OHRM is obviously very difficult to do accurately, but it’s certainly possible and here’s how. At a high level, you need to have very good optomechanics and signal extraction algorithms.
Each of those has multiple dimensions, so let’s look at each one in more detail:
- Optomechanical coupling – is light guided and coupled to/from the body effectively in the device? This is critical to maximize the blood flow signal and minimize environmental noise, such as sunlight, that can add noise to the sensor.
- Are the right wavelengths being used for the body location? Different wavelengths are required for different sensor locations on the body, in part because of the different physiological make-up of the body at different locations and because of the impact of environmental noise at different body locations.
- Are multiple emitters being used and are they spaced apart correctly? The spacing of emitters is important to ensure you are measuring enough of the right kind of blood flow and less motion artifacts.
- Are the mechanics such that gross displacement between the sensor and the skin are minimal during exercise or body motion? This can be a problem for many common wearables use cases, such as running, jogging, and particularly gym exercises.
Signal Extraction Algorithms
- Have the algorithms been validated on a diverse population set? It’s important to make sure the device works on multiple skin tones, both genders, different body types and levels of fitness, etc.
- Are the algorithms robust to multiple types of motion noise? The algorithms must be able to work during different activities, including walking, running (high-speed steady runs and interval training), sprinting, gym activities (weight lifting, Crossfit, etc.) and everyday life activities like typing, talking on the phone, or riding in a vehicle.
- Is the signal extraction methodology scalable to multiple form factors? You don’t want to have to use different algorithms for each different form factor you may want to use.
- Are the algorithms continually improving to handle more use cases and new biometrics? This technology and the wearables market are advancing rapidly and you must continue to innovate to meet ongoing customer requirements.

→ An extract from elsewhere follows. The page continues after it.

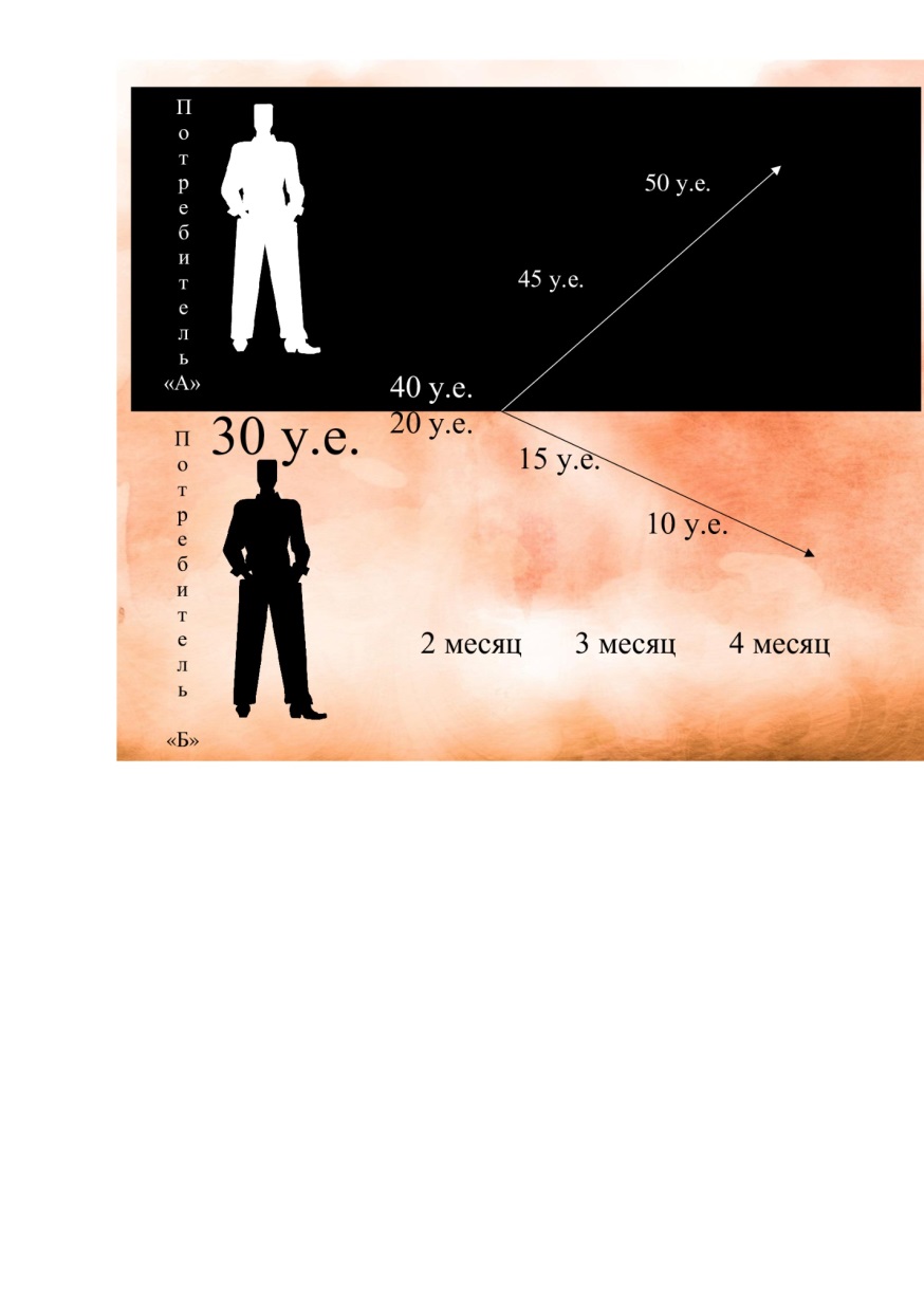 На графике представлены два типа потребителей «А» и «Б», у которых изначально был абсолютно равный доход в 30 условных единиц (далее у. е.) и абсолютно равные условия проживания. Единственное отличие между «А» и «Б» – их стиль жизни. На графике отражён момент их взаиморасчётов друг с другом после получения заработной платы. Потребитель «А» живёт в соответствии с уровнем своего дохода, не привлекая заёмных средств. Потребитель «Б», помимо заработанных им средств, занимает у потребителя «А» 10 у. е. в первый месяц, и в итоге тратит 40 у. е.. В это время, потребитель «А» живёт на 20 у.е.

What metrics can you get from PPG sensors?
While PPG is really hard to get right, when you do get it right, it can be very powerful. A high-quality PPG signal is foundational to a wealth of biometrics that the marketplace is demanding today. For example, here’s a list of some (but not all) of the biometrics you can derive from highly accurate, motion-tolerant PPG:
- Breathing rate – breathing rate is the number of breaths taken in a period of time (typically 60 seconds) and lower resting breathing rates are are generally correlated with higher levels of fitness.

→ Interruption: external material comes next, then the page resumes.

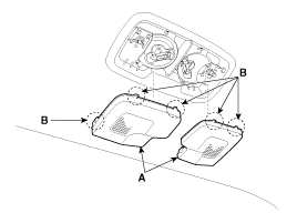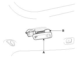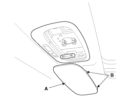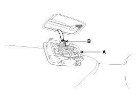 Снимите комнатный светильник в сборе (А) после отсоединения разъема (В).

- VO2 max – VO2 measures the maximum volume of oxygen someone can use and VO2max is widely considered to be an indicator of aerobic endurance.
- Blood oxygen levels (SpO2, oxygen saturation) – blood oxygen levels indicate the concentration of oxygen in the blood.

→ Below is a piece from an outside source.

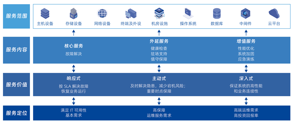 硬件維保(MA)服務(wù):提供主機、存儲、網(wǎng)絡(luò)、終端及外設(shè)、機房設(shè)施等硬件設(shè)備故障解決、健康檢查、駐場支持、值守保障、系統(tǒng)升級加固、應(yīng)急演練等服務(wù)。軟件維保(MA)服務(wù):提供操作系統(tǒng)、數(shù)據(jù)庫、中間件、存儲軟件等軟件產(chǎn)品故障解決、健康檢查、性能優(yōu)化、系統(tǒng)升級等服務(wù)。

- R-R Interval (heart rate variability) – in layman’s terms, R-R interval is the time between blood pulses (or ECG beats), and generally the more varied the time between beats, the better. R-R interval analysis can be used as an indicator of stress levels and various cardiac issues, among other things.
- Blood pressure – most people are very familiar with blood pressure as an indicator of cardiovascular health, but most people don’t know that some of the most advanced technologies today can assess blood pressure using PPG sensor signals.
- Cardiac efficiency – this is another indicator of fitness that typically measures how efficiently your heart works to take one step. This serves as a proxy for how hard your heart would have to work to do more challenging exercises like running or cycling.
You can see below a simplified PPG signal and where each of the biometrics is measured within that signal.
Wearable devices are taking all shapes and sizes these days, including wrist bands, smart watches, audio earbuds, leg bands, and many more. Since OHRM is becoming a requirement for almost all wearables, you need to make sure the OHRM technology you select for your device can be deployed in multiple form factors without having to completely go back to the drawing board.